More than 30 minutes is no exception today, unfortunately. A modular approach – in which modules are switched on and off based on stakeholders’ needs – can help brands to choose wisely as to what to include while preventing participant fatigue. It provides the flexibility to tune your trackers to the current marketing reality. This flexibility also helps maintain the attention of executives and spur their curiosity to learn something new with each measurement and reporting wave.




5. Limit your question’s time frame

Many tracker questions rely on information recall. Depending on a question’s time frame, it can be hard for people to provide an accurate answer, resulting in imperfect and thus unreliable input. Trackers must avoid questions which require thinking too far back in time. As a guideline, try to use the repurchase time frame of your product or service.

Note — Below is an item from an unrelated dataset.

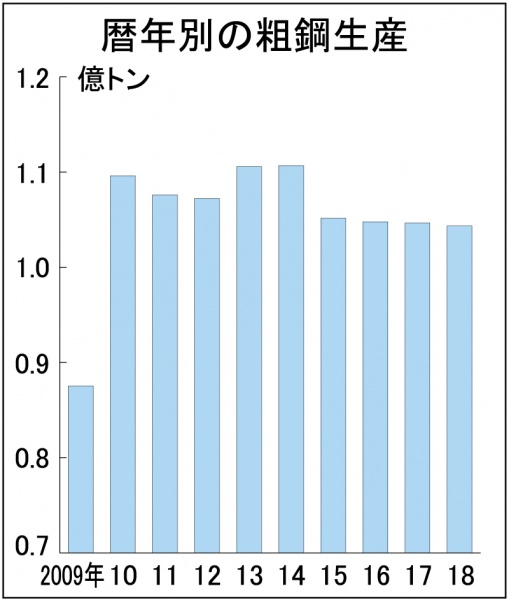18年全国粗鋼 4年連続減1億433万トン 生産トラブル、災害影響

6. Measure in relevant context or moments

Especially when consumers (could) connect with your brand via different touchpoints, make sure your survey is available throughout those touchpoints, allowing consumers to provide in-the-moment feedback. This is exactly what SkyTeam has done in their quest to become more customer-centric. By means of geolocation technology, customer feedback is captured across eight touchpoints for 20 airlines in over 1,000 airports worldwide. The app triggers customer feedback while people are in the actual experience. When evaluating a touchpoint negatively or positively, open-ended questions probe for the ‘why’, and customers can even upload a picture. For SkyTeam, the tracker shows their passengers’ reality, allowing the airline group to address shortcomings immediately.


7. Contextualise for advanced actionability

Your tracker might provide a hard-core metric, but it often won’t explain the why behind it. To boost your tracker’s actionability, adding context is advisable. This can be done by using complementary methods such as an insight community. SkyTeam, for instance, complements its tracker results with the input from its Jet Setters online research community and by connecting with passengers in real life.


In summary, to ensure that a brand tracker becomes a true management tool, you should not track for the sake of tracking. Trackers need to use clear consumer language, be aligned with the brand’s strategy, be adaptive and modular, include a limited time frame, measure in the moment and be contextualised. Only then do they have the potential to become a ‘radar’ which helps executives spot and solve issues before these become a real problem.